After all, I am no new kid on the block and neither are you. Oh, don't get me wrong. I am solid, nothing like that crude comment you made last week about my knotty personality. Maybe I do have a few imperfections but it gives me character. I have good roots - France you know. Some say those roots go back to the period of Marie Antoinette. I doubt it though - they wouldn't let us marry. Still, how could you not want to be with me. If you lose the toss, you will be sorry. You will stand all alone. You will miss my gilding motif personality. You will pine over me just remember that.
And you, look at you! Mighty fine piece of work, I might say. Strong, like old hickory; like the dovetail works of an armoire made centuries ago. We make a good match; your strong Yorkshire heritage and my French background. That is, of course, as long as you don't mind my little gaunt fluted legs. I hold no animosity toward your deep personality inspired by long generations of mid-Georgian and English Rococo influence. I do like the way your family lines flows though. We both could do worse.
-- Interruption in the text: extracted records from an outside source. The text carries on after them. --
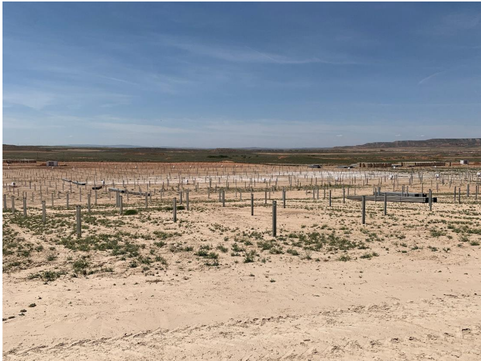
Figura 10 Hincado
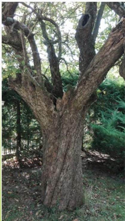
A matuzsálemi kort megelőző – a mai napig termő – pogácsaalma-fa termése húsvétkor a legfinomabb.
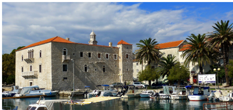
Slika 28. Kaštel Vitturi
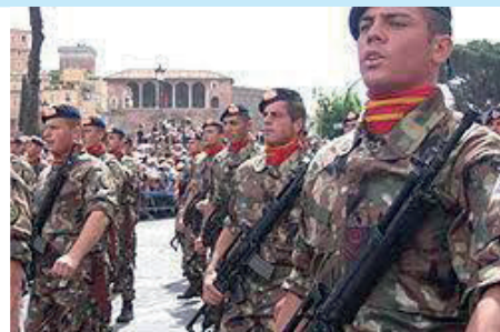
Motorisma infanteriet Brigad
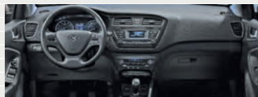
Vertex® Comfort Grey
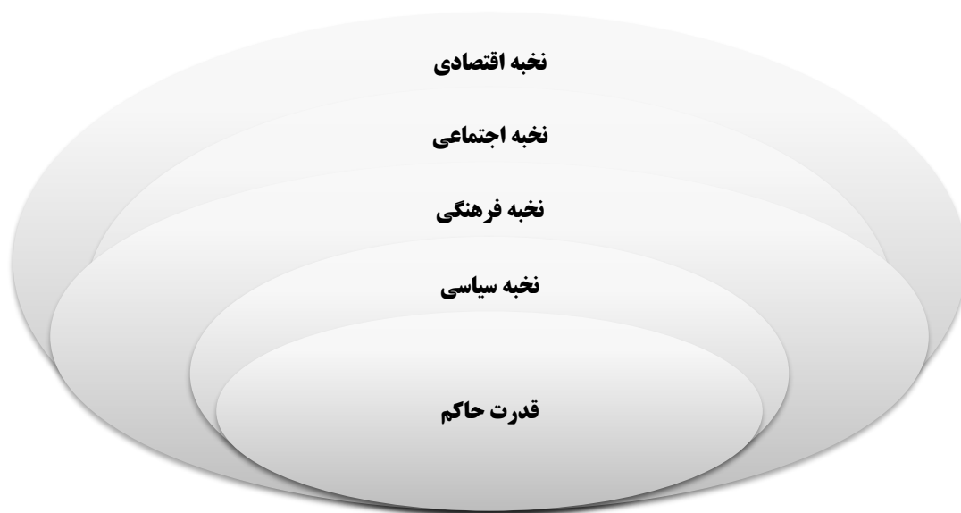
(شکل ۱-۱) ساختار «هم‌مرکز» رابطه گروه‌های نخبه و حکومت در کشورهای جهان سوم

به عبارتی بر خلاف «جوامع صنعتی مدرن»، کشورهای جهان سوم فاقد «مرکز حیاتی» (برآمده از تحولات تدریجی اقتصادی، سیاسی و اجتماعی در طبقه متوسط) هستند که بستر ضروری برای شکل‌گیری «نخبه» به گونه مستقل است. در این کشورها نخبگان در حیطه‌های مختلف سیاسی، اجتماعی، فرهنگی، اقتصادی و... هم‌مرکزند و هم‌محور؛ به این معنا که حیات و موقعیت خود را مدیون شخص حاکم، حزب حاکم یا طبقه حاکم می‌دانند و
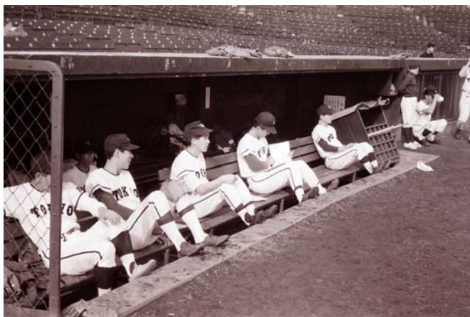
写真4 ベンチの天文台チーム
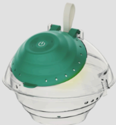
Camera pentru insecte
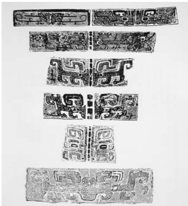
ภาพที่ 6 รูปแบบลายเถาเถียะ ที่ปรากฏบนภาชนะสำริดสมัยราชวงศ์ซาง

เถาเถียะ เป็นสัญลักษณ์หนึ่งที่แทนความหมายของสิ่งที่อยู่เหนือธรรมชาติ และสัมผัสไม่ได้ ให้กลายเป็นรูปธรรมขึ้นมาให้ดูมีอำนาจศักดิ์สิทธิ์ โดยใช้ความรู้สึกที่มีต่อสัตว์ที่พบเห็น นำมาอธิบายถ่ายทอดทัศนคติทางศาสนาหรือความเชื่อออกมา การที่เถาเถียะถูกสร้างสรรค์จากหลายสรรพสัตว์เพื่ออธิบายถึงอำนาจหนึ่งเดียวที่ยิ่งใหญ่เหนือกว่าสิ่งใด ด้วยใบหน้าโดยรวมที่ดูร้าย เชื่อกันว่าสามารถปกป้องคุ้มครองและกำจัดสิ่งชั่วร้ายออกไป (Chaeles Williams, 2006 : 62) ตามสัญชาตญาณการใช้ชีวิตของมนุษย์คือดำรงอยู่อย่างสงบสุข ปราศจากทุกข์โศกและสิ่งอัปมงคลทั้งปวง แต่ด้วยตัวมนุษย์ไม่สามารถหลีกเลี่ยงสิ่งเหล่านี้ได้ จึงปรารถนาสิ่งที่มีอำนาจเหนือธรรมชาติมาช่วยปัดเป่า ดังนั้น ความเชื่อเหล่านี้จึงถูกถ่ายทอดผ่านสัญลักษณ์ของอำนาจ ซึ่งก็คือ เถาเถียะ
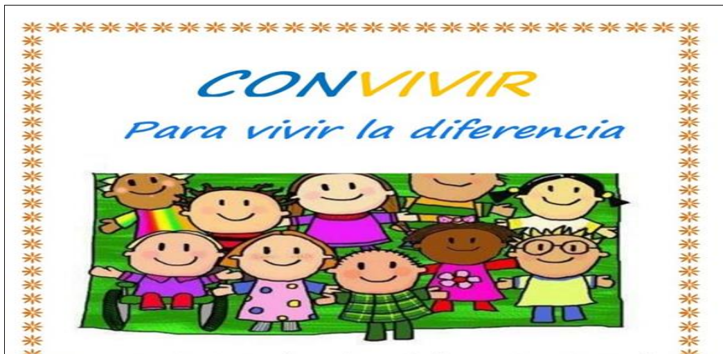
Imagen 6. Educar para convivir
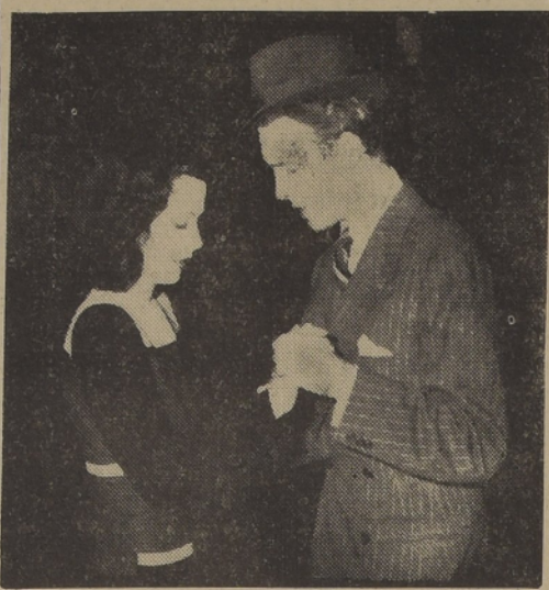
Entre escenas y escenas de esta nueva película de la Metro-Goldwyn-Mayer, James Stewart dirige la acción de Hedy Lamarr.

En sus funciones de mañana, el Teatro Metro estrenará en matinee, vermouth y noche, la nueva y graciosa comedia Metro-Goldwyn-Mayer, titulada "La Cuesta del Olvido". Esta obra, bajo la dirección artística de Clarence Brown, es un modelo de vaudeville, chispeante de gracia, de juventud y de belleza. Dos grandes figuras de la pantalla, James Stewart y Hedy Lamarr, llevan los roles principales con acierto.
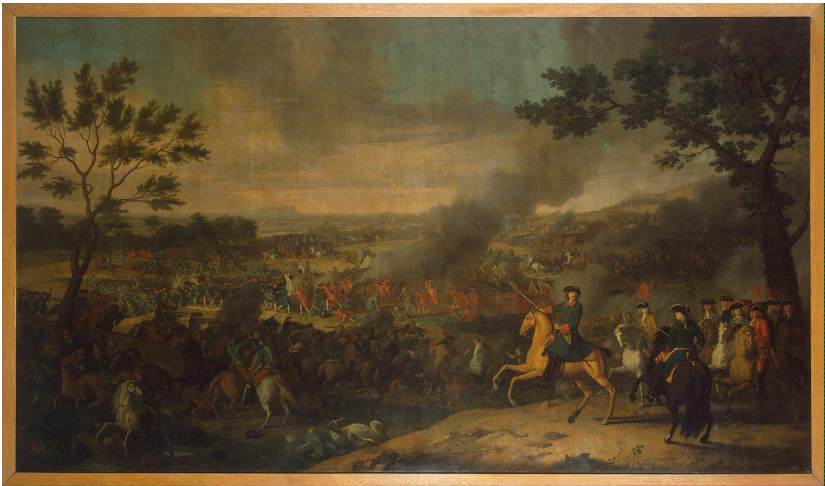
Пётр I в Полтавской битве. Л. Каравак 1717 г.
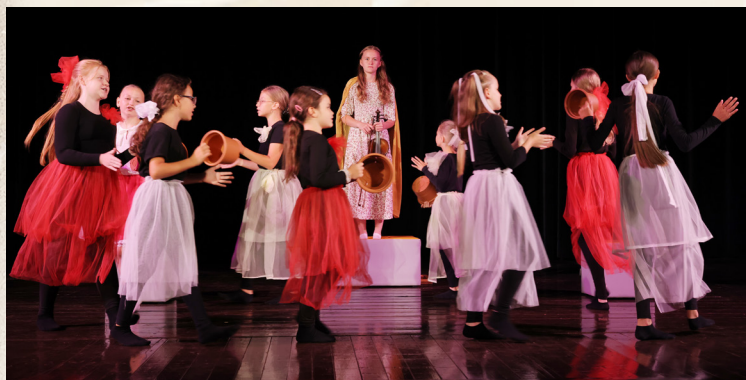
DS Gašparko z Lendaku vystúpil s hrou Najkrajší kvet.

In fact, do you recall when you were about to be married last fall to that ridiculous plain Jane. She was as common as a Shaker foot stool. No personality at all, dull and insipid. Of course, I must say that, I almost made a similar mistake when I came close to tying the nuptials with that hot "caldo" Italian hunk who truly hated my legs. Dashing in looks but a heart of mahogany wood that one. Oh the thought of it; how atrociously sinister. He was looking for more of a Florentine flair. I guess we both have our burdens to bare.
What came up? Heads? I guess it is a done deal. Trust me. I am sure you will be happy. We will make a lovely union. What will they call it? Unholy matrimony of course. That is what you get when you marry a Louie XVI and Chippendale piece of furniture together.